Finishing things requires simplification.

February 1, 2022 • 2 min read

Project management is, roughly, the art of ensuring a team gets what needs to be done, done.

Given that, a lot of the focus ends up being on those needs. Checklists, breakdowns, schedules, updates – all focused on the things that need to be done.

While that’s all very important, I’ve found there’s a second set of things that also matter, but tend to fly under the radar: the things that don’t need to be done.

Of course, we’re not in this to do the minimum. If something is worth doing, it’s worth doing well.

But if it’s worth doing, it’s also worth finishing. And to finish, you eventually need to buckle down, simplify, and stop doing the stuff that doesn’t need to be done.
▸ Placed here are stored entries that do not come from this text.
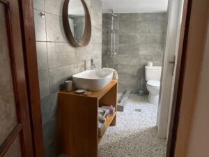 Het huis is geschikt voor maximaal 4 personen en heeft 2 ruime slaapkamers, elk met een eigen voordeur en 2 airco’s voor de warme zomernachten. Er is 1 moderne badkamer met douche.
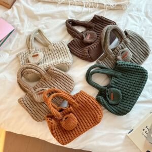 腋下包女新款韩国复古手工棉线编织包休闲手提包草编单肩包手机包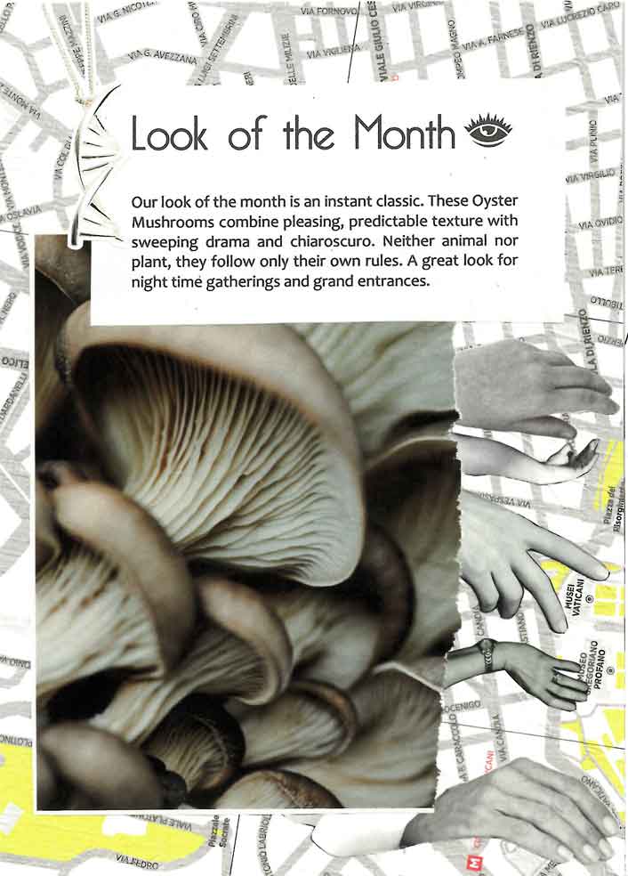 Our look of the month is an instant classic. These Oyster Mushrooms combine pleasing, predictable texture with sweeping drama and chiaroscuro. Neither animal nor plant, they follow their own rules. A great look for night time gatherings and grand entrances.

Tasks that don’t need to be done can come in many forms. Sometimes it’s procrastination that feels like work. Sometimes it’s gold-plating – refining something too early, before it’s gotten into the world and you’ve gotten meaningful feedback.

Perhaps most insidious is work that does need to be done that’s become tangled up with work that doesn’t need to be done, at least not now:

  • We decided to do a small update to fix this one critical bug, but while we were in there we started taking some other changes, and now we have an urgent update that needs a bunch of QA.
  • We need to get the core 80% of these design changes into the first release, but we ended up just going ahead and doing all of the changes in one big PR, and now we’re running behind.
  • We need to iterate our approach around meetings to help us move more of our work to be async, but Allen’s started writing a giant treatise on a whole new way of working that will take weeks for everybody to absorb and give feedback on and god please Allen can you stop overthinking things for once.

The solution to this is hardly revolutionary: break up work into smaller chunks, timebox it, and make sure you’re making good 80/20 tradeoffs and simplifying things effectively. Check in on goals and priorities when you see a team member who seems to be going off on a large side quest. Stop Allen from writing giant docs unless the problem actually justifies a giant doc. Typical project management stuff.

Make sure you’re not bogged down by what doesn’t need to be done.